Megalithic structure, Baslickane, Co. Kerry
Co. Kerry |
Megalithic Tombs
On the Iveragh Peninsula in south Kerry, a cluster of four large overlying stone slabs sits in a field near Baslickane, known locally as the Ballybrack Dolmen.
What makes it quietly arresting is not just its scale, though the uppermost capstone measures roughly 3.33 metres by 1.88 metres, but the name attached to it. This is said to be the grave of Fial, a figure drawn from the deepest layers of Irish mythological tradition.
Fial is reputed to have been the wife of one of the Milesians, the legendary seafaring people whose arrival in Ireland is described in early Irish literature as the final mythological conquest of the island. According to local tradition, her husband's party landed at nearby Ballinskelligs Bay, placing this corner of Kerry at the edge of a story that was already ancient when it was first written down. A dolmen, in broad terms, is a megalithic tomb type consisting of large upright stones capped by a horizontal slab, constructed during the Neolithic or early Bronze Age. Here, the arrangement is somewhat different, with four slabs stacked rather than a conventional portal structure, giving the monument an unusual, almost compressed appearance. Around its base lie scattered small rounded stones, among them fragments of quartz, a material that appears repeatedly at Irish prehistoric monuments and is thought by some archaeologists to have carried ritual significance, though its precise meaning remains debated.

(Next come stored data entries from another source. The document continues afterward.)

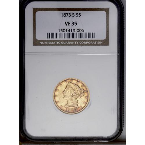 <B>1873-S<$5> VF35 NGC.</B></I> The rims offer surprising glints of deep purplish-amber on this still-lustrous coin. Pleasingly struck, although there are myriad small abrasions, as well as a couple of minor distractions that bear mentioning, namely a couple of light scrapes in the left obverse field, and a small, irregular planchet flaw between stars 12 and 13. <BR><BR><B>Important notice:</B> Heritage usually auctions material at the rate of 200-250 lots per hour. On some occasions eBay Live bid software or the Internet may not be able to keep up with the pace of the auction. We recommend placing a realistic absentee bid now as insurance to avoid disappointment. Occasionally the auctioneer may eliminate or reject an eBay Live bid, and the auctioneer may also reopen a lot after the close of the eBay live bidding (usually because we missed an audience bid), and may reject your bid even if it shows you as the winning bidder. By bidding via eBay Live, you agree that Heritage may award the lot to another bidder at its sole discretion under the circumstances described above or any other reasonable circumstances. Since eBay bids are not shown to us until we open the lot on the floor, we treat those bids just like floor bids. In most cases the floor responds before the eBay bid is presented to us, due to Internet lag time, so for consistency we have made it a policy that floor bids are always considered first over tie eBay live bids. Also please note that all Heritage lots purchased through eBay Live carry a 20% Buyer's Premium. Please make sure you read the Terms and Conditions before you bid. This lot is being auctioned in conjunction with a live floor auction by Heritage Galleries & Auctioneers. All final auction and invoice information will be supplied by Heritage Galleries & Auctioneers, and all other information should be considered preliminary. Lot:2786 <BR><BR><B>Winning Notification and Billing:</B> After the FINAL session in this auction is complete, Heritage will send e-mail and snail mail invoices. This process normally takes several days. All final auction and invoice information will be supplied by Heritage Galleries & Auctioneers, and all other information should be considered preliminary. <BR><BR>This auction will be conducted on a live auction floor and over the Internet through eBay Live. If you choose to place an absentee bid, please take a moment to <font color='#0000ff'><u><a href='http://pages.ebay.com/liveauctions/help/before/laabsentee.html'>learn how eBay Live absentee bidding works</a></u></font><font color='#000000'>
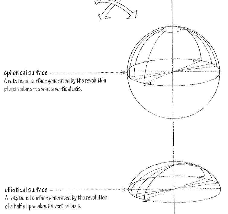 A rotational surface generated by the revolution of a half ellipse about a vertical axis.
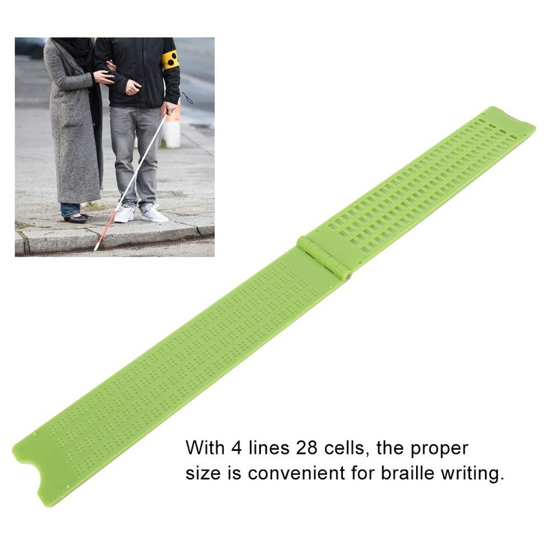 BRAILLE WRITING SLATE: Made of quality plastic material, sturdy and for long time use.BRAILLE TYPEWRITER: With 4 lines 28 cells, the proper size is convenient for braille writing.
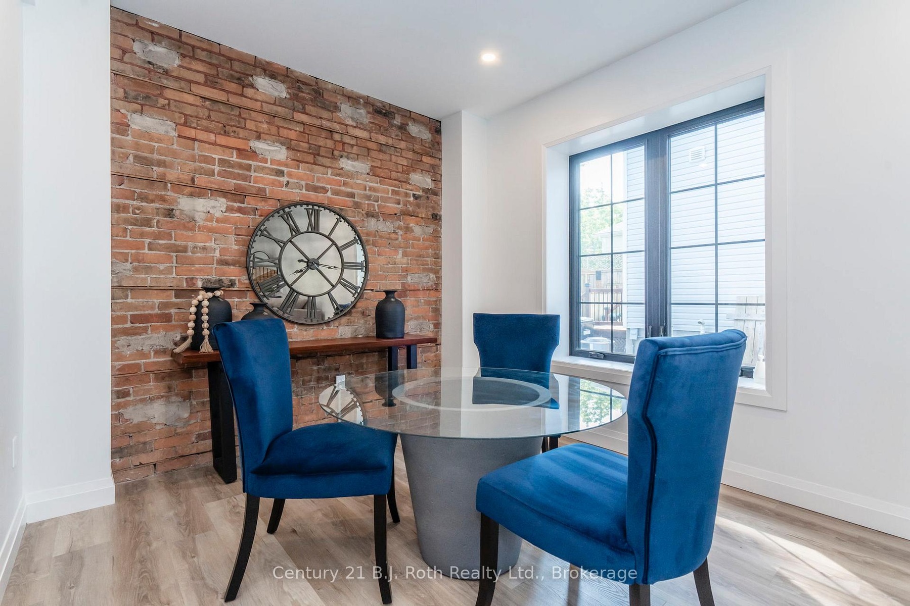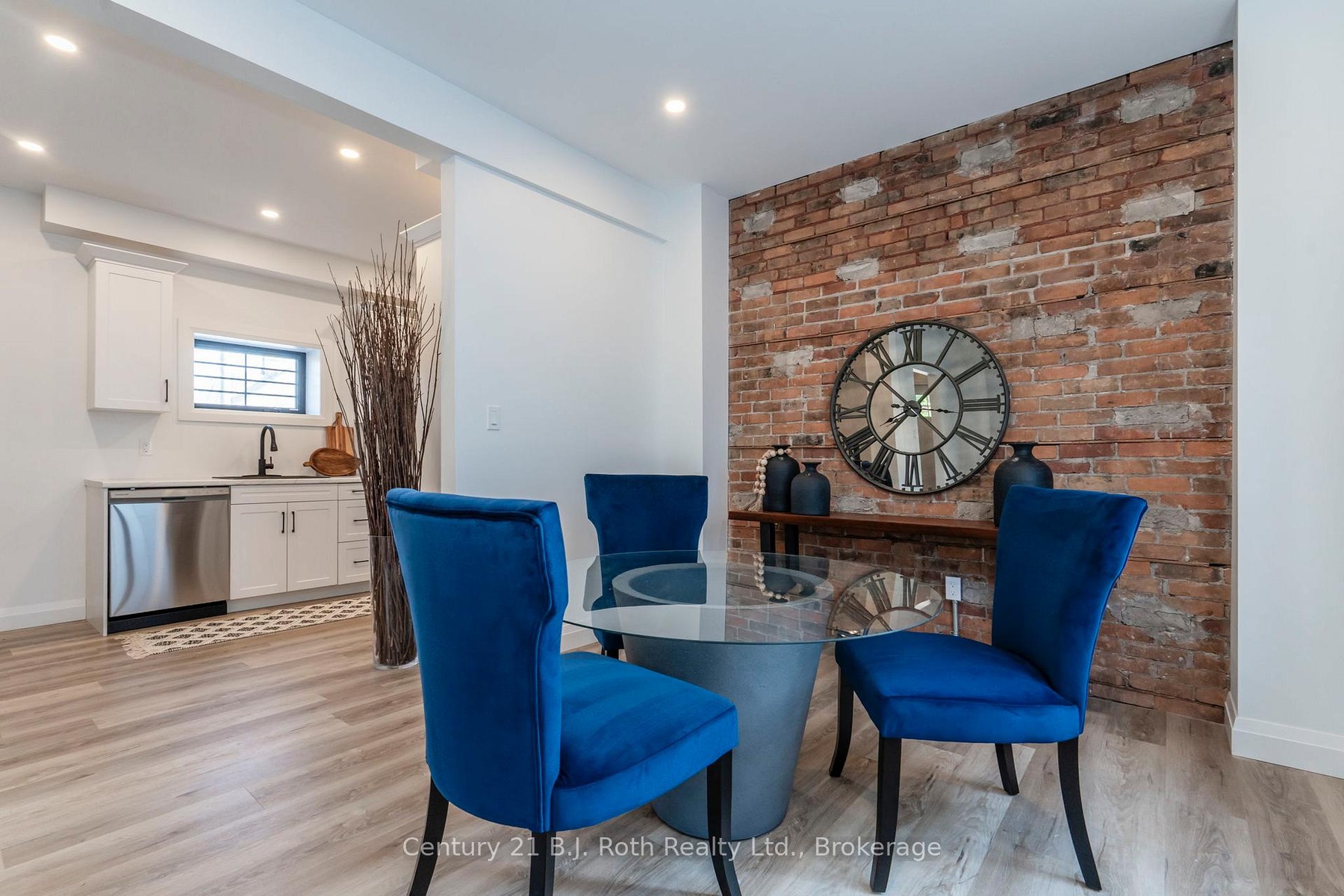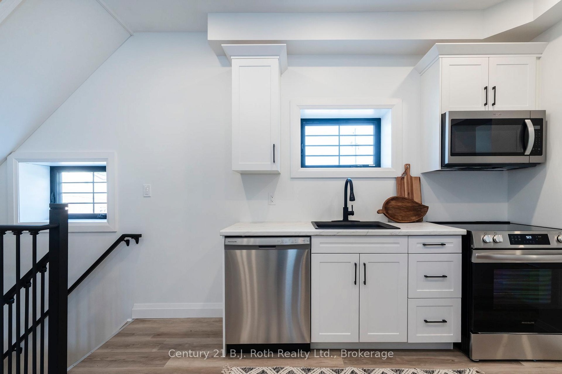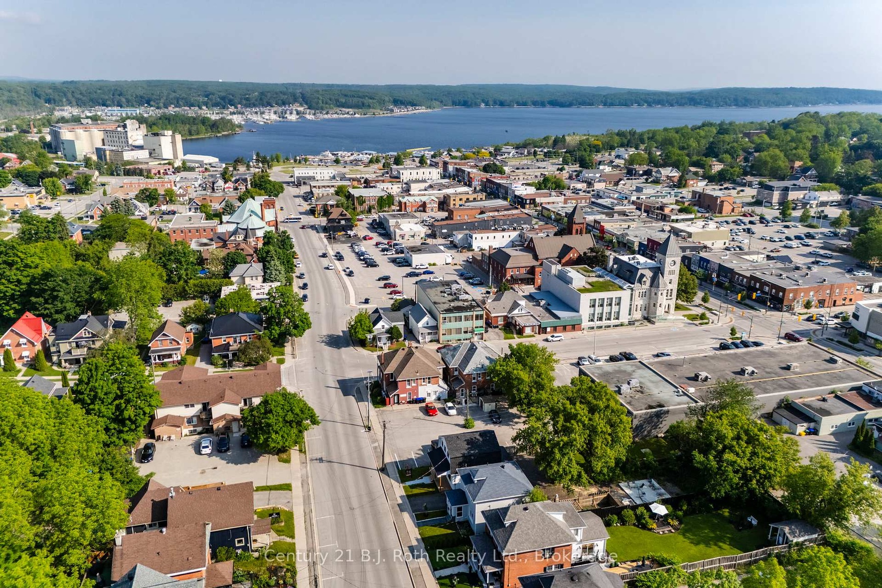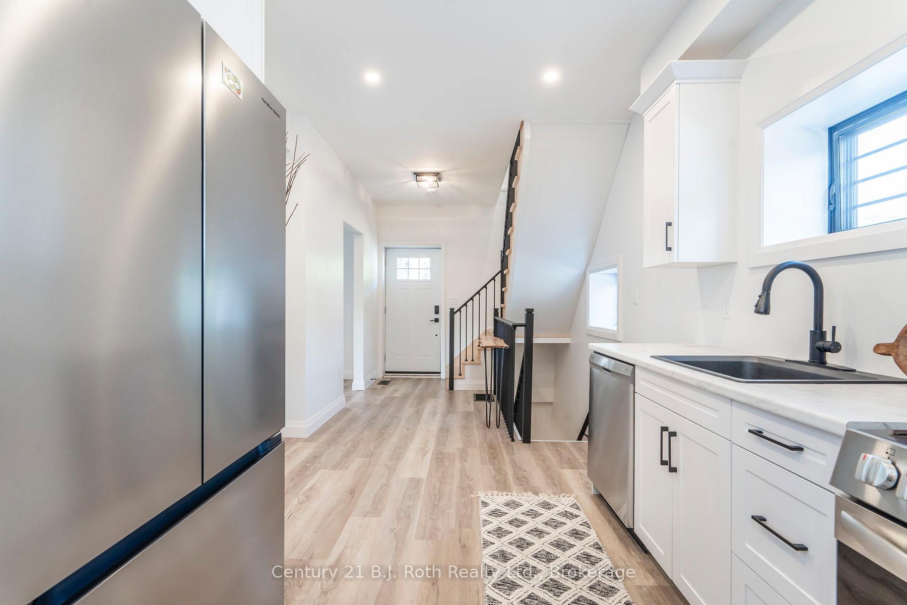 Chic Downtown Midland Retreat, located in Beautiful Georgian Bay. Fully Renovated, Zoned Commercial/Residential. Welcome to a home that truly checks all the boxes for modern living and prime location. Take a stroll to Midlands vibrant downtown core, cafés, boutiques, restaurants, waterfront and Marina. You'll be living in the heart of it all while enjoying the peace and charm of this home. Fully renovated 2-bedroom, 2-bathroom with a finished basement gem offers the perfect blend of barn-house charm and urban sophistication. 1,000 + sq.ft. of beautifully designed space. Stylish & Smart Living. Step inside to discover 9-foot ceilings, sleek black-framed windows, and a stunning exposed brick feature wall that anchors the home with warmth and character. Black barn doors and modern black hardware throughout the kitchen and baths complete the Barnhouse aesthetic. Bright, Airy, & Inviting. Natural light fills the open-concept living and dining area, creating a vibrant atmosphere that feels as good as it looks. Whether you're enjoying a quiet morning or hosting friends this summer, the layout is both functional and stylish. The main-floor laundry and all-new appliances add even more everyday convenience. Finished Basement for a home office, media room or great play-room. Turn your 115 ft deep backyard to a summer retreat. This home offers exceptional flexibility for professionals, young family or entrepreneurs looking to live and work in one dynamic space.

The association with Fial is the kind of local memory that tends to outlast the records meant to preserve it. Whether the legend was always attached to this particular structure or migrated to it over centuries, the combination of a genuine prehistoric monument and a named figure from pseudo-historical mythology is not common, and gives the site a character that purely archaeological description cannot fully capture.